Filter out samples using simple logical rules.
filter_rules=Rule1,Rule2,...
A "rule" is of the form:
Attribute Op Value
Where "Attribute" is a column in the metadata matrix, "Op" is one of ">", "<", "is", or "isnot", and Value is some string or number that each sample will be compared against. Note that filtering by rule is only possible in datasets with multidimensional metadata.
Example:
filter_labels=AGE is 18
Here are all the statistical functions currently supported.
As mentioned previously, normalization can be defined globally for all tests in the overridable parameters section, or it may defined for a specific test by defining it below the test defintion.
Example:
test_type=pca
normalization=relative
There are two options for normalizing abundance data. If the data is pre-normalized or the user wishes to leave it as it, specify
normalization=none
Relative abundances are calculated for each sample by summing the total abundances and then dividing each value by this sum, such that the total of the abundances for the sample add up to 1. To enable relative normalization, specify
normalization=relative
in the overrideable parameters section of the parameters file or under a specific test.
Abundance data can also be normalized via MUSiCC. More information about MUSiCC can be found here. To enable MUSiCC normalization, specify
normalization=musicc
in the overrideable parameters section of the parameters file or under a specific test. Note that MUSiCC must be installed prior.
Keyword
test_type=pca
Options
A principle component analysis can be generated without loadings or with up to five loadings by including the following line under the test definition:
number_of_loadings=3
PCA is supported for an arbitrary number of sample classes.
Keyword
test_type=pcoa
Options
A principle coordinate analysis can be generated using several different distance metrics by including the following line under the test definition:
distance_metric=cosine
Current supported distance metrics include: "cityblock", "cosine", "euclidean", "braycurtis", "canberra", "chebyshev", "correlation", "dice", "kulsinki", "mahalanobis", "matching", "minkowski", "rogerstanimoto", "seuclidean", "sokalmichener", "sokalsneath", "sqeuclidean". See the scipy documentation for more information on these metrics.

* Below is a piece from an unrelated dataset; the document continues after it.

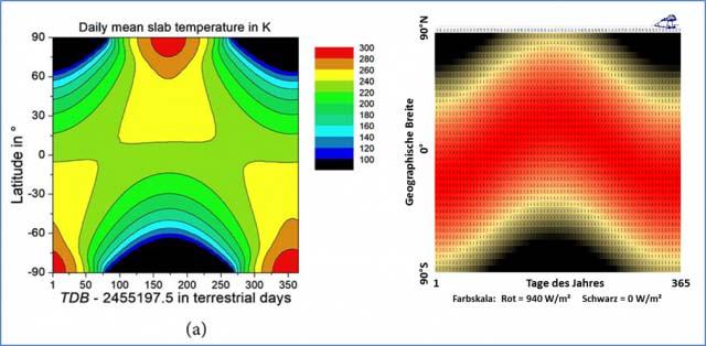 Abbildung 8: Vergleich der „Daily mean values of (a) slab temperature” von Kramm et al. (2017) – Creative Commons License CC BY 4.0 (links) mit dem Jahresverlauf des örtlichen Maximums der breitenabhängigen temperaturwirksamen spezifischen Strahlungsleistung der Sonne (rechts)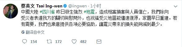 據台灣“中央社”報道,對於四川地震,蔡辦今日上午最先發聲,並表示“我們除向受災者表達關切與慰問,也祝福受災地區能儘速復原,家園早日重建。”隨後,台陸委會、海基會相繼表示“願意提供必要幫助”。

PCoA is supported for an arbitrary number of classes.
Keyword
test_type=enrichment
Options
Either a student's t-test or a wilcoxon ranksums test can be performed by including either of the following keywords under the test definition:
test=ttest /*OR*/ test=ranksums
The resulting p-values from an enrichment test can be adjusted by including the following optional keyword:
correction=bonferroni
Current supported p-value adjustments include Bonferroni correction ("bonferroni") and Benjamini-Hochberg correction with a false discovery rate of 0.1, 0.05, or 0.01 ("fdr-0.1", "fdr-0.05", and "fdr-0.01" respectively).
Keyword
test_type=area_plot
An area plot can only be created from data with a limited number of attributes, the max being 20. Note that generating an area plot on data with a large number of attributes will add significantly to the running time of the analysis.